06 Nov NJM Consulting & Cyber Security
NJMC and Cyber-Security
Say what you will about the general efficiency of the United Kingdom Government one thing is clear; the UK Government are leaders when it comes to Cyber Security. The obvious reason for this is the large-scale investment that the UK has always made in GCHQ. However this rather skimps on the long, long history of counter-espionage and threat mitigation that the UK has starting from the reign of Queen Elizabeth I and her brilliant spy masters William Cecil, 1st Baron Burghley (13 September 1520 – 4 August 1598) chief advisor to Queen Elizabeth I for most of her reign and Sir Francis Walsingham (c. 1532 – 6 April 1590).

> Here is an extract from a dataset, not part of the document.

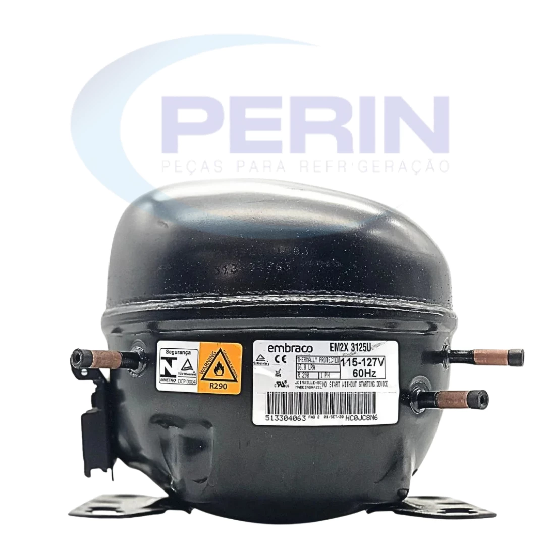Compressor Embraco modelo EM2X3125U, gás refrigerante R290, potência 1/3+ HP e tensão 127V. Projetado para aplicações comerciais de refrigeração que exigem alta eficiência energética e operação silenciosa. Compatível com diversos equipamentos que utilizam R290, garantindo encaixe perfeito e longa durabilidade. Código interno: 51330405296VC.

Sir Francis was principal secretary to Queen Elizabeth I of England from 20 December 1573 until his death and is popularly remembered as her principle “spymaster“.
Their network of spies, informants and secure, encrypted communications of the day allowed the UK to punch above it’s weight at that time. Clearly the UK has not forgotten the lessons of good intelligence and today it leverages this long heritage to further develop its skills to help protect business small and large from cyber threats.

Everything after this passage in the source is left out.